━━ Listed records ━━

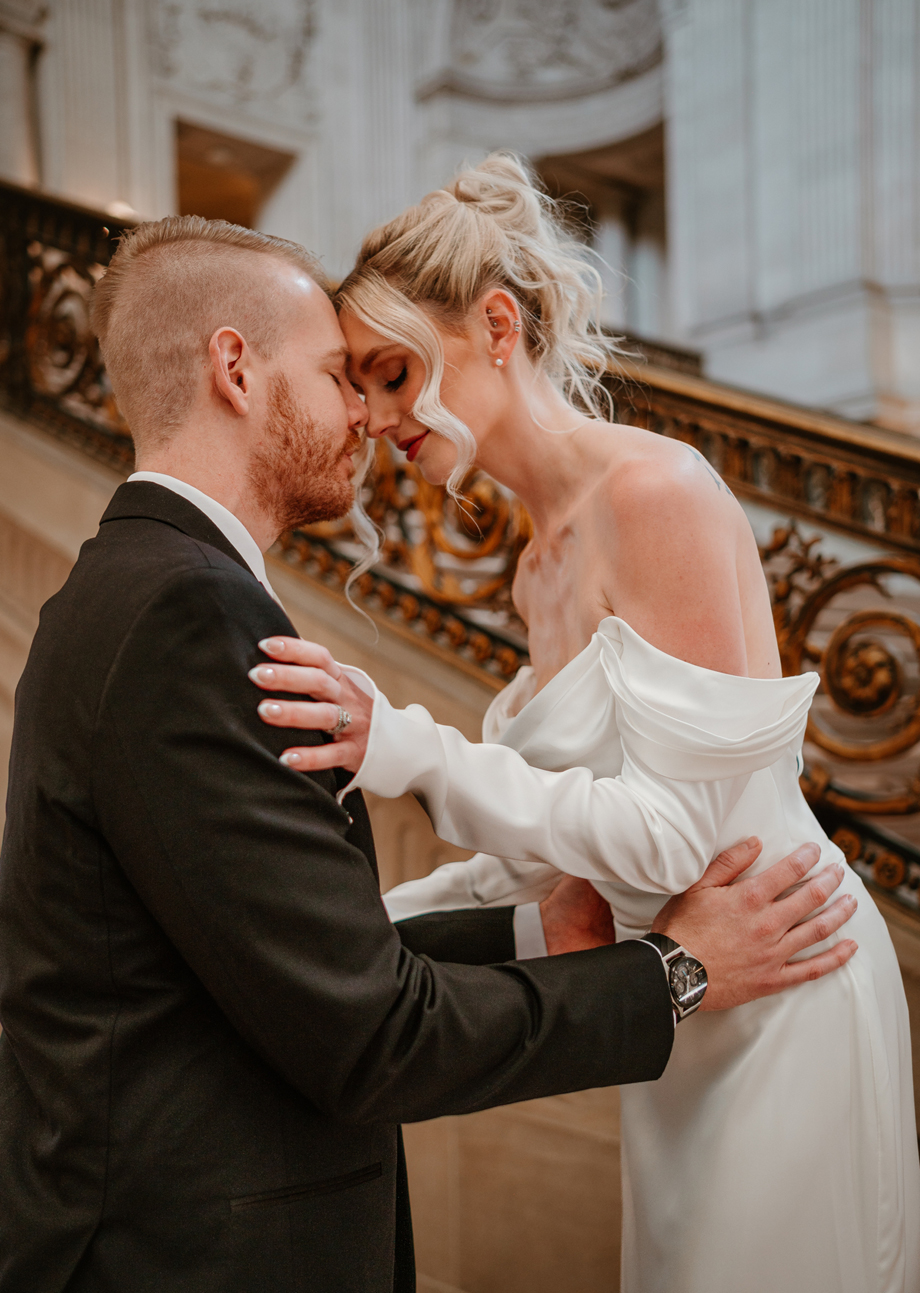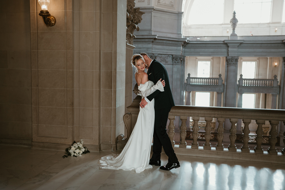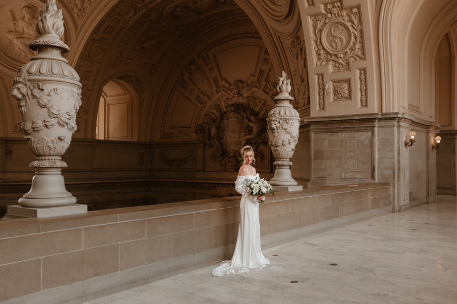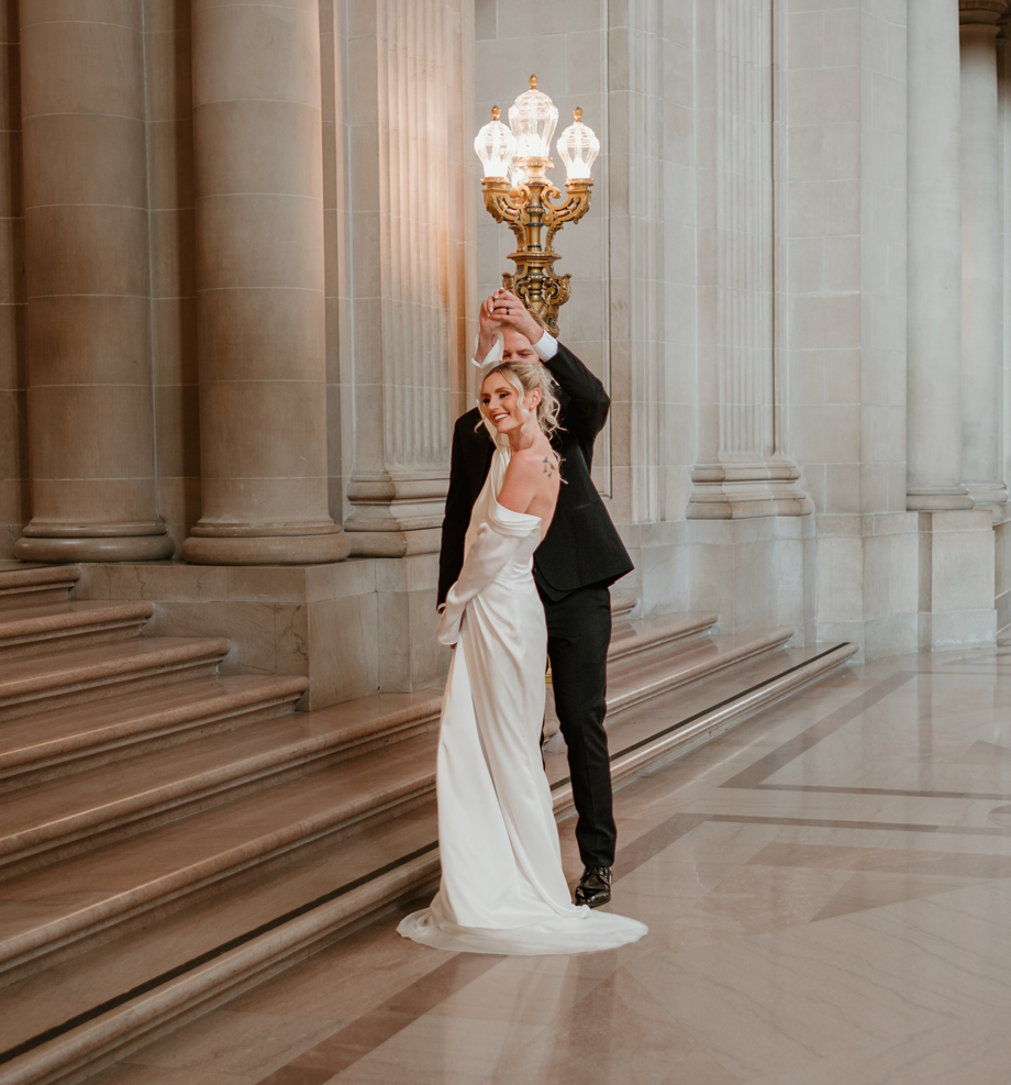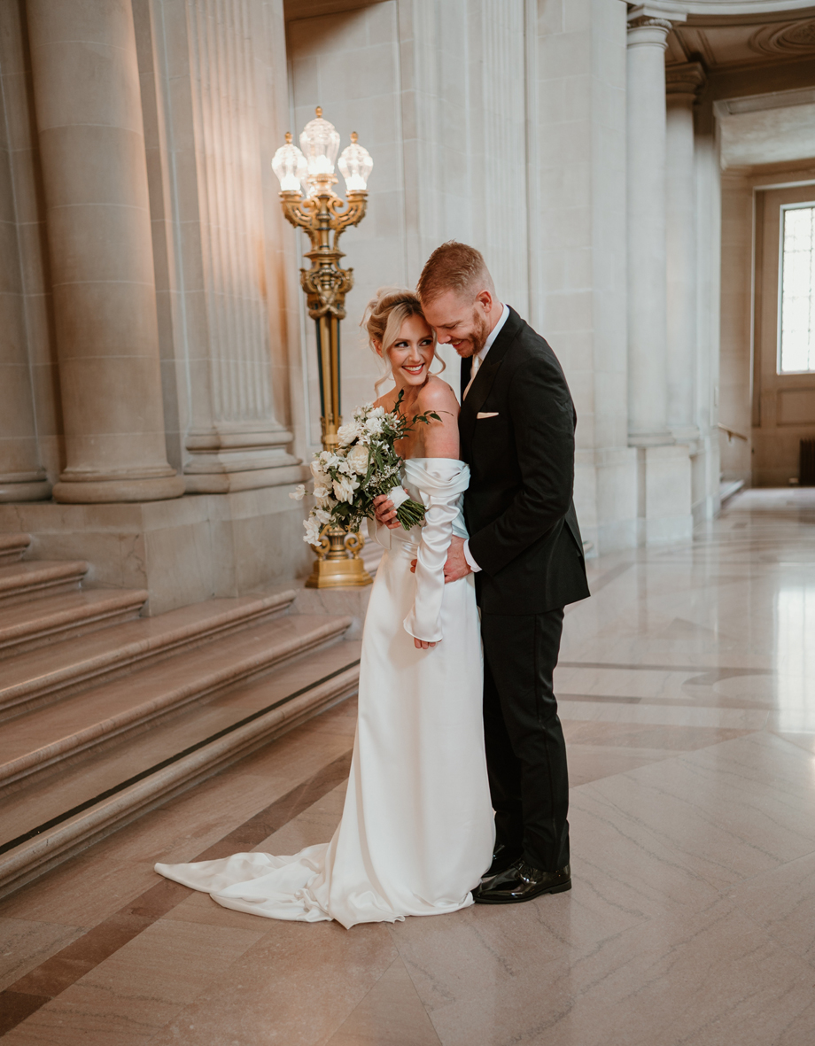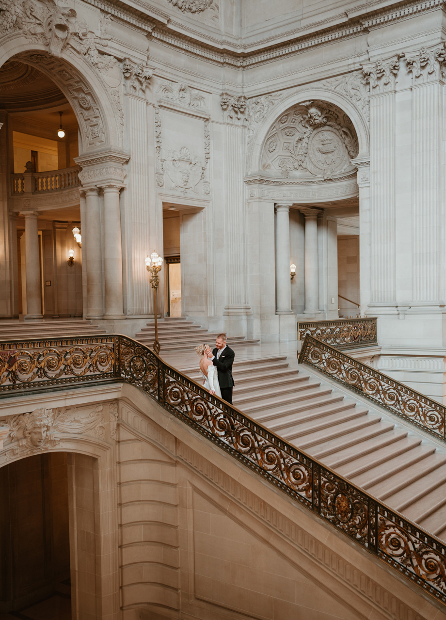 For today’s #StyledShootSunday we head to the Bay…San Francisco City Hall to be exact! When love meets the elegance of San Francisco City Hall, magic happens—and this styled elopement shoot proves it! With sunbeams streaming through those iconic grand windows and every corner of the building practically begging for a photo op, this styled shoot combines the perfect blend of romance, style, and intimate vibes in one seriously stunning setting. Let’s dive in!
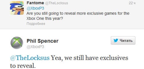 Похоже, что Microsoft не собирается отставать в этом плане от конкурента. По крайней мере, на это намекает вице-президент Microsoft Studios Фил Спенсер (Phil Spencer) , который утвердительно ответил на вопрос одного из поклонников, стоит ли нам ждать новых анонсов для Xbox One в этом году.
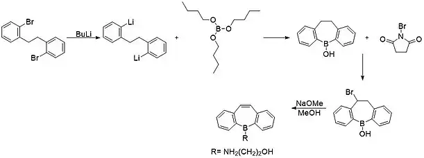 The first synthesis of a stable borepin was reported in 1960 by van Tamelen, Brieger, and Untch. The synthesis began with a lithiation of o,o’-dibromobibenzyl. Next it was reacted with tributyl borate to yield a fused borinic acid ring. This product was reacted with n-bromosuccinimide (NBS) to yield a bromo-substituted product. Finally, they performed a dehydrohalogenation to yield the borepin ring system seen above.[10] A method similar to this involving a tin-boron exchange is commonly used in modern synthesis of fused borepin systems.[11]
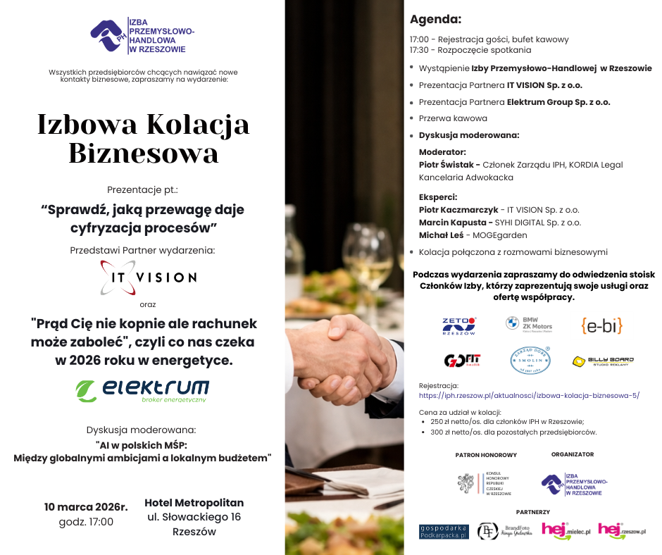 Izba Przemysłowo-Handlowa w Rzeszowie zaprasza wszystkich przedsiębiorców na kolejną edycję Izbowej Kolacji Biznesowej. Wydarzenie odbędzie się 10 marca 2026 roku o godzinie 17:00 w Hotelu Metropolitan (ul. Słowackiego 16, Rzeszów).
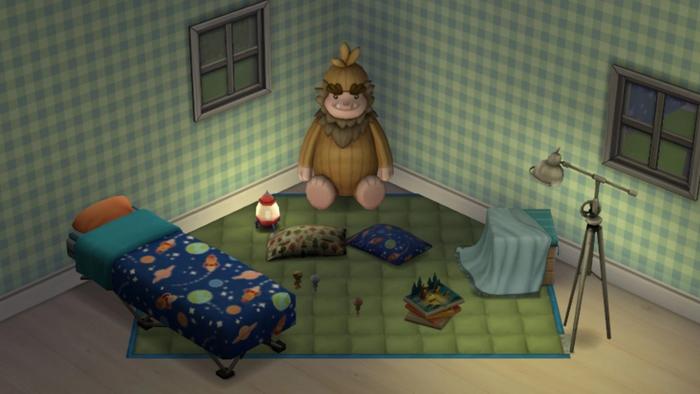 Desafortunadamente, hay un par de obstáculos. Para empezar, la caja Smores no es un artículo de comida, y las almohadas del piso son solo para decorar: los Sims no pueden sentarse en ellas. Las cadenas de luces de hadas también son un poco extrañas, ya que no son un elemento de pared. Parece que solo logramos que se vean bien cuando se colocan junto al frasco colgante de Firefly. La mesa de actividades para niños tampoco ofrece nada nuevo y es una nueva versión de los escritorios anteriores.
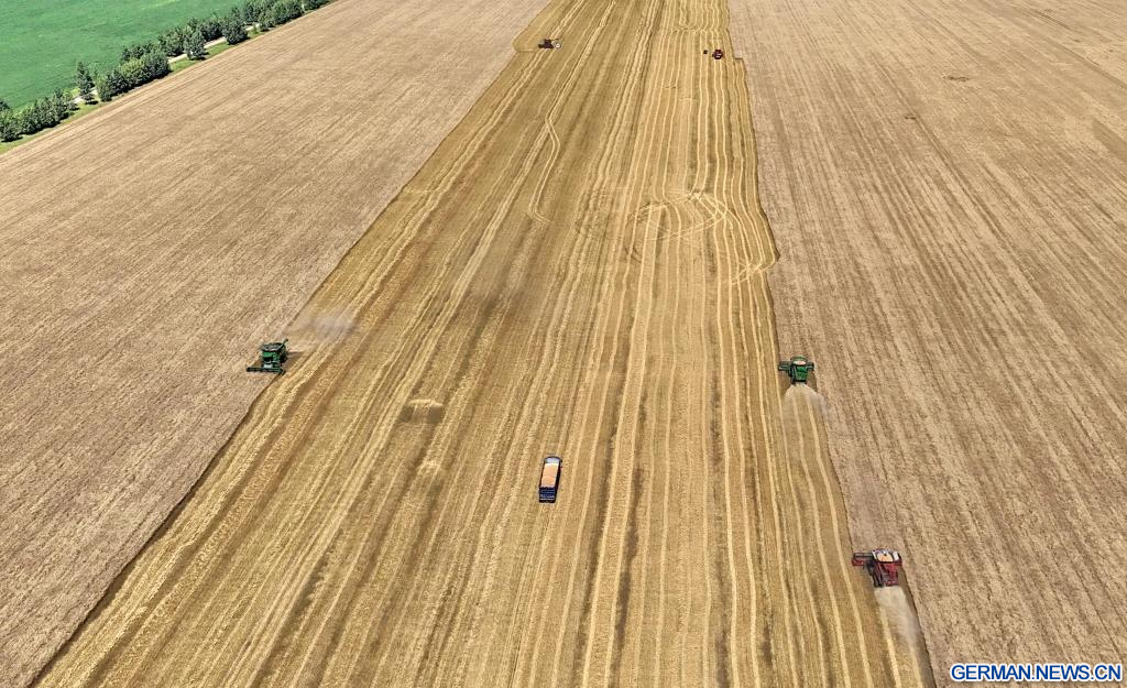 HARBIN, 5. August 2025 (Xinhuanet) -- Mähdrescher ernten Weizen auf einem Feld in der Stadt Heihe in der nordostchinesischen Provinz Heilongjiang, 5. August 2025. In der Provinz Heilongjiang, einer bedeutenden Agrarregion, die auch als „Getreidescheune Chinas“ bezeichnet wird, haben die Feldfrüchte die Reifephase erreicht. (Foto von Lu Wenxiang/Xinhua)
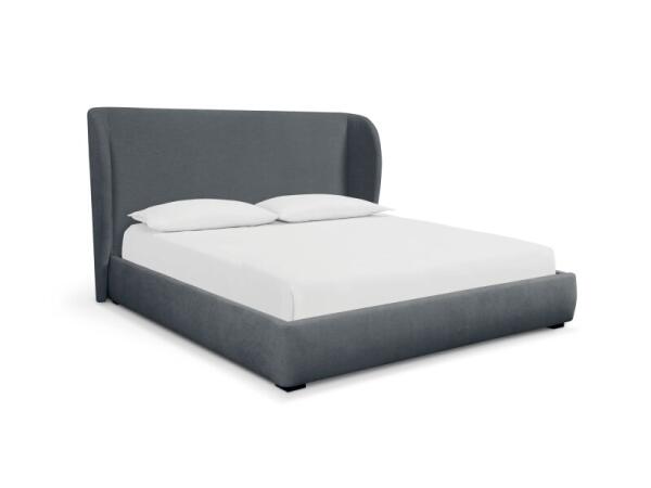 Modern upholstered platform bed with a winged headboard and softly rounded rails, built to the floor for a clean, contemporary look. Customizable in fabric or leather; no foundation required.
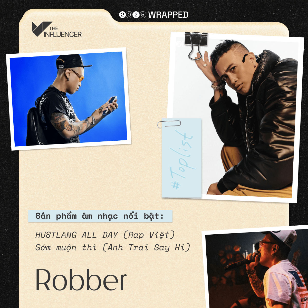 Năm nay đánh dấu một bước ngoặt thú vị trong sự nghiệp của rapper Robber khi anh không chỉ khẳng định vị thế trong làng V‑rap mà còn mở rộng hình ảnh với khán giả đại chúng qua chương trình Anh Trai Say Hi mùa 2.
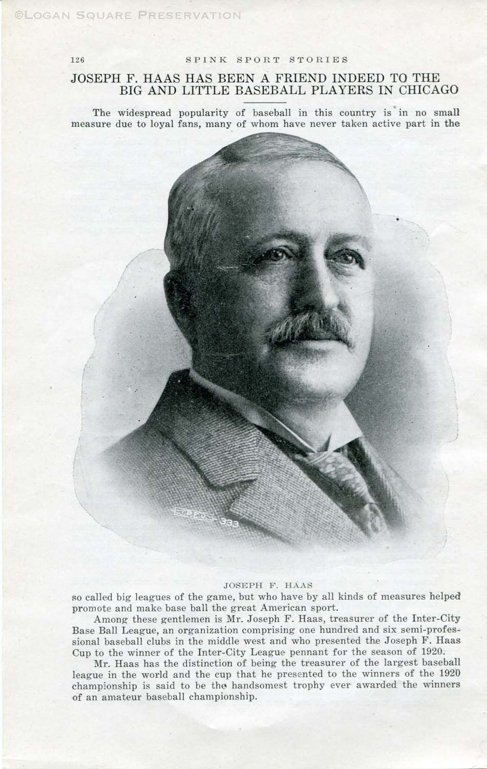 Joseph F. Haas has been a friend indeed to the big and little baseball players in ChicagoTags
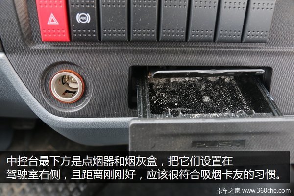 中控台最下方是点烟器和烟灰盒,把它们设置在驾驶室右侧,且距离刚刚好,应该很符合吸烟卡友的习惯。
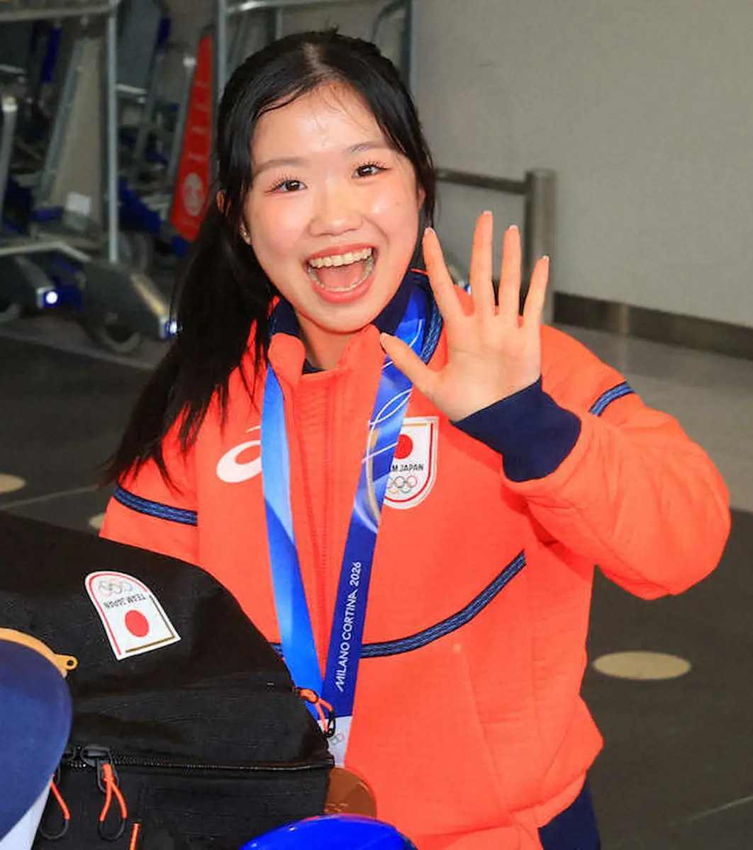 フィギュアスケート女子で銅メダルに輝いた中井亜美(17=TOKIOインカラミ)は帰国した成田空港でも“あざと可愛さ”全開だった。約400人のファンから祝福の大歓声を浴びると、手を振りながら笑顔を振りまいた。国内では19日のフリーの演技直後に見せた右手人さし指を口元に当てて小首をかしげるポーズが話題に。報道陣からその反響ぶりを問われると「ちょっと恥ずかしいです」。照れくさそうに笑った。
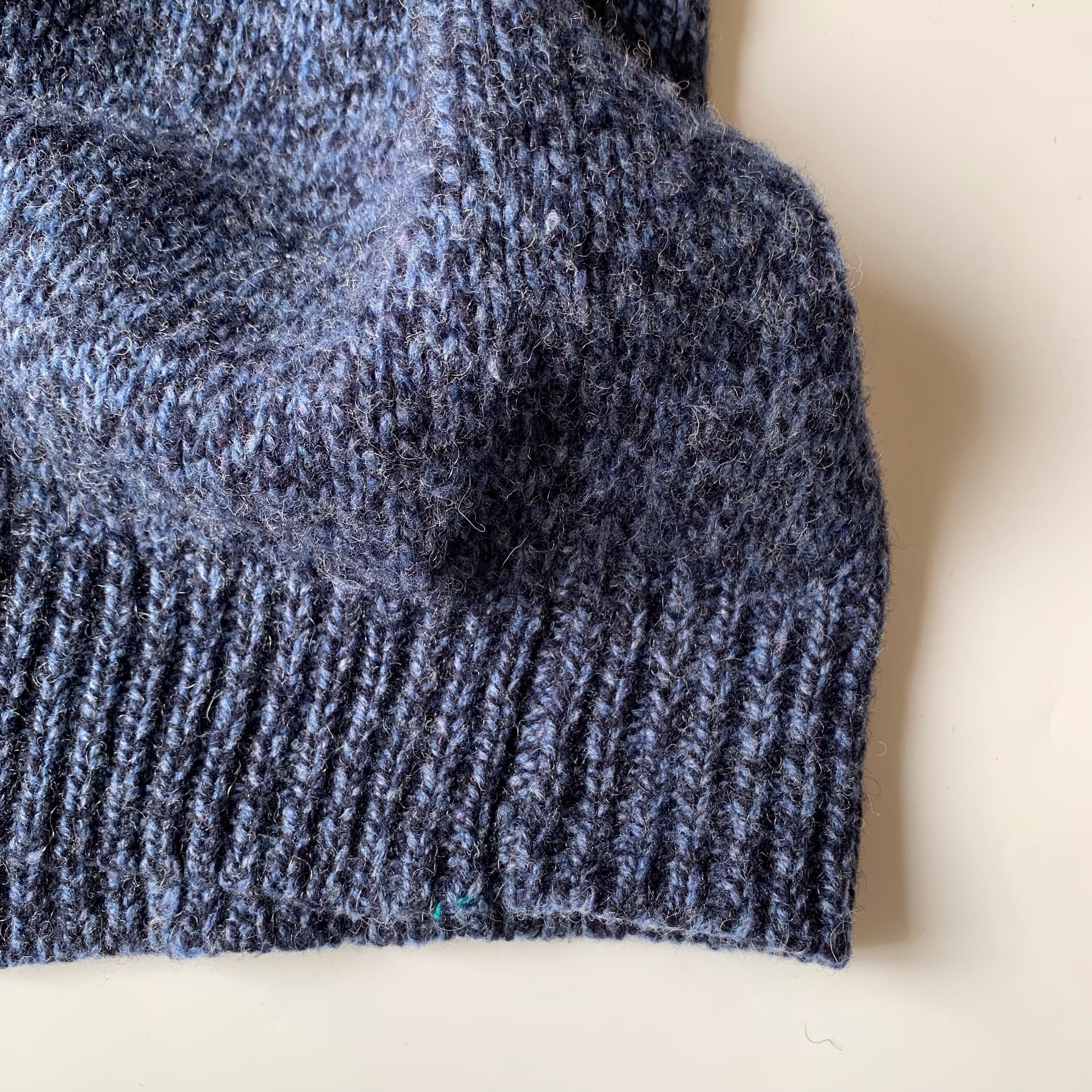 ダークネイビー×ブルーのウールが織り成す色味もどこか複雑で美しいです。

━━━

### Required action
Repeat exactly the lines above, from the line that contains "The first synthesis" down through the line that contains "Desafortunadamente, hay un". Include both of those lines and none of the pictures.

### Result below
 The first synthesis of a stable borepin was reported in 1960 by van Tamelen, Brieger, and Untch. The synthesis began with a lithiation of o,o’-dibromobibenzyl. Next it was reacted with tributyl borate to yield a fused borinic acid ring. This product was reacted with n-bromosuccinimide (NBS) to yield a bromo-substituted product. Finally, they performed a dehydrohalogenation to yield the borepin ring system seen above.[10] A method similar to this involving a tin-boron exchange is commonly used in modern synthesis of fused borepin systems.[11]
 Izba Przemysłowo-Handlowa w Rzeszowie zaprasza wszystkich przedsiębiorców na kolejną edycję Izbowej Kolacji Biznesowej. Wydarzenie odbędzie się 10 marca 2026 roku o godzinie 17:00 w Hotelu Metropolitan (ul. Słowackiego 16, Rzeszów).
 Desafortunadamente, hay un par de obstáculos. Para empezar, la caja Smores no es un artículo de comida, y las almohadas del piso son solo para decorar: los Sims no pueden sentarse en ellas. Las cadenas de luces de hadas también son un poco extrañas, ya que no son un elemento de pared. Parece que solo logramos que se vean bien cuando se colocan junto al frasco colgante de Firefly. La mesa de actividades para niños tampoco ofrece nada nuevo y es una nueva versión de los escritorios anteriores.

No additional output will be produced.